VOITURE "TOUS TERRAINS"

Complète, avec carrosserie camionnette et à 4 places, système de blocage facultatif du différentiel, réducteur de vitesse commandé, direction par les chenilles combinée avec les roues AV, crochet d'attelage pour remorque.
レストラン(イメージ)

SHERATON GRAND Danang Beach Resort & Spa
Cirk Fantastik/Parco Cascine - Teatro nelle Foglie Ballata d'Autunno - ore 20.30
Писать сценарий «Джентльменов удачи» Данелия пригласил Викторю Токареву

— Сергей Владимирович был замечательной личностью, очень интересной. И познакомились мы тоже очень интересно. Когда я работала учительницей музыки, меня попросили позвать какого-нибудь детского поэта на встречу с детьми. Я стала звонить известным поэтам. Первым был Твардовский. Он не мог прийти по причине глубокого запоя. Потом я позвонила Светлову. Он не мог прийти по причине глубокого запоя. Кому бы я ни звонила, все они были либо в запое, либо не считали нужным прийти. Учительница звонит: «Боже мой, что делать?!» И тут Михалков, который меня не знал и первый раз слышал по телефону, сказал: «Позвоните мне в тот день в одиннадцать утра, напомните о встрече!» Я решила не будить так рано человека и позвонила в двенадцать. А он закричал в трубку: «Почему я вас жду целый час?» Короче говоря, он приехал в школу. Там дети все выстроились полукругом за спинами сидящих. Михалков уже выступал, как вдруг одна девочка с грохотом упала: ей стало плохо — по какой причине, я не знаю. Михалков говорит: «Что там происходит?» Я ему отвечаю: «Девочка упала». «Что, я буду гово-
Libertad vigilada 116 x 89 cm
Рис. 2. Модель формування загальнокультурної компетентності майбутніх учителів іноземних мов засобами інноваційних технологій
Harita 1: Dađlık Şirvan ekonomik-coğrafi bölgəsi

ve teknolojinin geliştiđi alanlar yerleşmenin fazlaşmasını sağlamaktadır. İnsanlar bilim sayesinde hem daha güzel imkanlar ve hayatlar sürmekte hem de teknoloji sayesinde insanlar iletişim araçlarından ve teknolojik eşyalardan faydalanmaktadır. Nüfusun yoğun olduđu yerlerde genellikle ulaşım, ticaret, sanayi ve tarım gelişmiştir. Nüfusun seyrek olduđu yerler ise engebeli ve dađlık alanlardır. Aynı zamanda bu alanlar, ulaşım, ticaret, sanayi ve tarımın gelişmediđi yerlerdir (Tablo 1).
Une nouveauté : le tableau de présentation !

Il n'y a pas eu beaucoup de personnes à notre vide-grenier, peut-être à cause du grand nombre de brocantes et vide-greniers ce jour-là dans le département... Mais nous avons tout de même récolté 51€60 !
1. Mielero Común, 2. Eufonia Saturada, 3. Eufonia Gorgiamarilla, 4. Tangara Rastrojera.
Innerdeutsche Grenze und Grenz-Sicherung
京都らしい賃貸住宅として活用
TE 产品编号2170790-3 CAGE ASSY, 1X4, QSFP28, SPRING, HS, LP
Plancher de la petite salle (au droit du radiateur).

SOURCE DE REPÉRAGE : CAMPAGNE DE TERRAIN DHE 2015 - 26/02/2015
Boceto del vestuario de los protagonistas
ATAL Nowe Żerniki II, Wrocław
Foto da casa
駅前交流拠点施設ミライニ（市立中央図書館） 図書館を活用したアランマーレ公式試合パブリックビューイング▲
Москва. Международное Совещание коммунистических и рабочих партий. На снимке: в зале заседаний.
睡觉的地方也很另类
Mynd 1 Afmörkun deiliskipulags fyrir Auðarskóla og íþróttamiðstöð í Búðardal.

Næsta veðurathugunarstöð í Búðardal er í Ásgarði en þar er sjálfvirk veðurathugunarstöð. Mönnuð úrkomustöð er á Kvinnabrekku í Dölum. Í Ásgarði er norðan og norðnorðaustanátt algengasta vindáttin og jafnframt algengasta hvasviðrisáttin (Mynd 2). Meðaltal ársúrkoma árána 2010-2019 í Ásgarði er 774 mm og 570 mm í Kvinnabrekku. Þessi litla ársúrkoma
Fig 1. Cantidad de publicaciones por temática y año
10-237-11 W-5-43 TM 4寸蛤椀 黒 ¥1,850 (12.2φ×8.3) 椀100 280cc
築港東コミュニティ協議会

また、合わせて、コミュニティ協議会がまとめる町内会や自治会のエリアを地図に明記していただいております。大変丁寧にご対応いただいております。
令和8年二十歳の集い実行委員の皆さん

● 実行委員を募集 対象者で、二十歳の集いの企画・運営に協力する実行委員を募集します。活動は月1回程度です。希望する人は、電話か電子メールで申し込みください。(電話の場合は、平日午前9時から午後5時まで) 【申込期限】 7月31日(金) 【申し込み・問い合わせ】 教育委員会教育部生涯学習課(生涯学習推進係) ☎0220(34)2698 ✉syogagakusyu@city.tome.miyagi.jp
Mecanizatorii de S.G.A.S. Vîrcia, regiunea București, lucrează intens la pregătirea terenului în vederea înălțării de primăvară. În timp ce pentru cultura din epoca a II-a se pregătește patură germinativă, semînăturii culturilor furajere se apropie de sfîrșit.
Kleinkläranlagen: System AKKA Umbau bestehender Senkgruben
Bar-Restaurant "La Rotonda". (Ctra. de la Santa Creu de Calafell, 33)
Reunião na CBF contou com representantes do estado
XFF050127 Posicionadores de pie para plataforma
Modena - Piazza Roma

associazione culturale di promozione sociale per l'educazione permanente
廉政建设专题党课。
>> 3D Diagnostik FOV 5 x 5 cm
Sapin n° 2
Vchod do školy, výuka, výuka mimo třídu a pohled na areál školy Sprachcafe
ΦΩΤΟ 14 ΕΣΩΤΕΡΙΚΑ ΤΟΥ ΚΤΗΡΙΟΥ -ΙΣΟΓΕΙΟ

TRY IT:
The stretch of entries above that starts with the line containing "Plancher de la" and goes on through the line containing "7月31日(金) 【申し込み・問い合わせ】 教育委員会教育部生涯学習課(生涯学習推進係)" is to be transcribed exactly, and no other line is to be transcribed.

TASK RESULT:
Plancher de la petite salle (au droit du radiateur).

SOURCE DE REPÉRAGE : CAMPAGNE DE TERRAIN DHE 2015 - 26/02/2015
Boceto del vestuario de los protagonistas
ATAL Nowe Żerniki II, Wrocław
Foto da casa
駅前交流拠点施設ミライニ（市立中央図書館） 図書館を活用したアランマーレ公式試合パブリックビューイング▲
Москва. Международное Совещание коммунистических и рабочих партий. На снимке: в зале заседаний.
睡觉的地方也很另类
Mynd 1 Afmörkun deiliskipulags fyrir Auðarskóla og íþróttamiðstöð í Búðardal.

Næsta veðurathugunarstöð í Búðardal er í Ásgarði en þar er sjálfvirk veðurathugunarstöð. Mönnuð úrkomustöð er á Kvinnabrekku í Dölum. Í Ásgarði er norðan og norðnorðaustanátt algengasta vindáttin og jafnframt algengasta hvasviðrisáttin (Mynd 2). Meðaltal ársúrkoma árána 2010-2019 í Ásgarði er 774 mm og 570 mm í Kvinnabrekku. Þessi litla ársúrkoma
Fig 1. Cantidad de publicaciones por temática y año
10-237-11 W-5-43 TM 4寸蛤椀 黒 ¥1,850 (12.2φ×8.3) 椀100 280cc
築港東コミュニティ協議会

また、合わせて、コミュニティ協議会がまとめる町内会や自治会のエリアを地図に明記していただいております。大変丁寧にご対応いただいております。
令和8年二十歳の集い実行委員の皆さん

● 実行委員を募集 対象者で、二十歳の集いの企画・運営に協力する実行委員を募集します。活動は月1回程度です。希望する人は、電話か電子メールで申し込みください。(電話の場合は、平日午前9時から午後5時まで) 【申込期限】 7月31日(金) 【申し込み・問い合わせ】 教育委員会教育部生涯学習課(生涯学習推進係) ☎0220(34)2698 ✉syogagakusyu@city.tome.miyagi.jp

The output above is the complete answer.